On May 2, 2001, the plaintiffs, Daniel Pabon and his mother Norma Pabon, filed a nine count amended complaint against the defendants. Count one alleges negligence against the New London Board of Education pursuant CT Page 11189 to General Statutes § 10-220 and § 10-221 (a). Counts two, three, four and five allege negligence against the superintendent of schools, Julian Stafford, the city of New London, the high school's principal, Louis Allen, the dean of the high school, Richard Daniele, and the assistant principal of the high school, Stephen Salisbury. Counts six, seven and eight allege negligent assault, reckless misconduct and intentional assault against Sakunda Morris. Count nine alleges medical expenses incurred by Norma Pabon as against all of the defendants.

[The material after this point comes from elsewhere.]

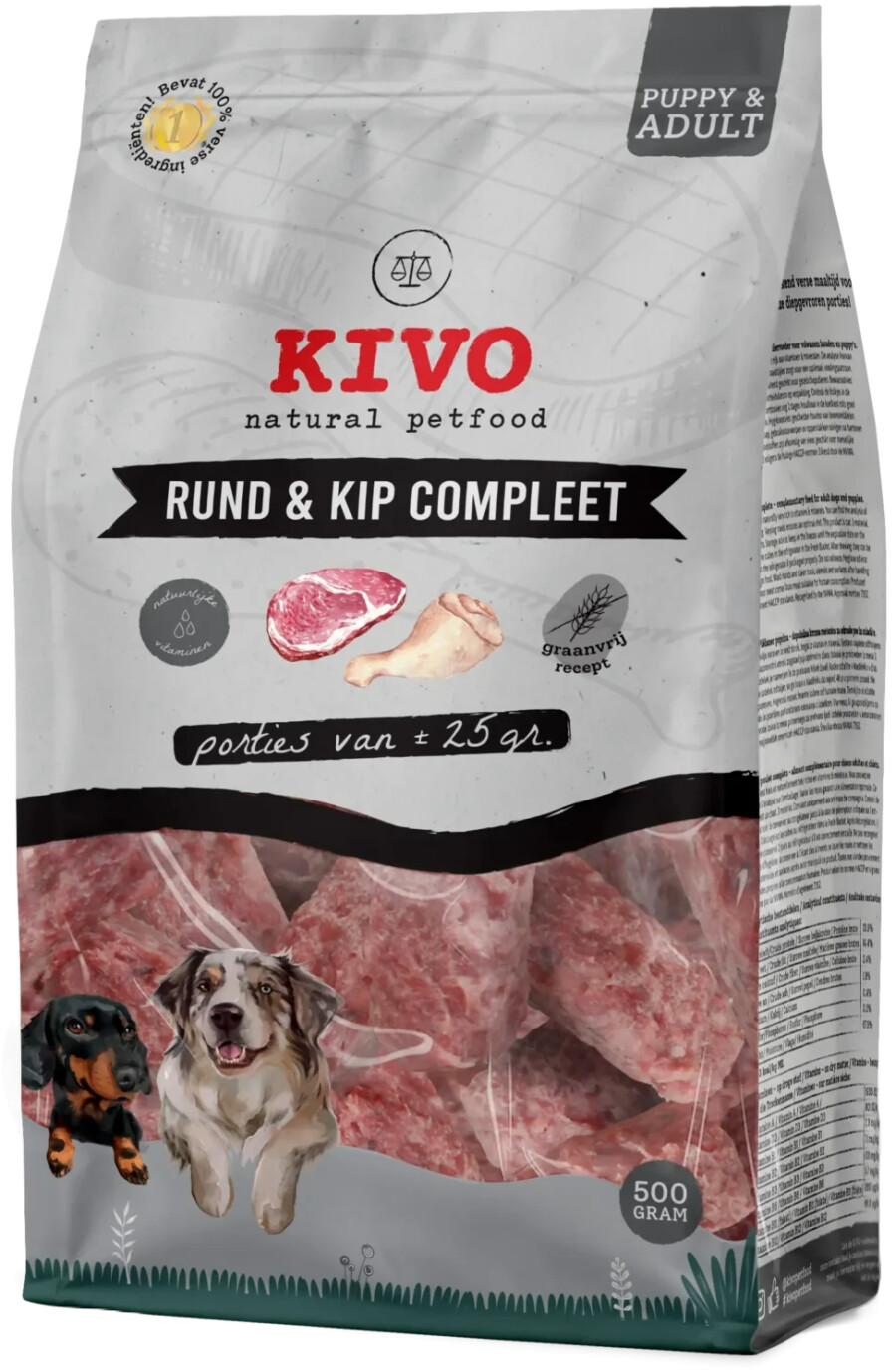 | Deklaracija izdelka | Popolna surova krmna mešanica za odrasle pse z govedino in piščancem. 70 % mišičnega mesa: piščančje meso, goveji obrezki, goveje srce. Analiza: Surove beljakovine: 15,2% |

The defendant, the New London Board of Education, filed a motion to strike count one of the complaint on the ground that it is legally insufficient under General Statutes § 10-235. The plaintiff filed an objection to the motion to strike on the ground that the plaintiffs are not pursuing claim under General Statutes § 10-235 but is pursuing a negligence claim under General Statutes § 10-220 and § 10-221 (a).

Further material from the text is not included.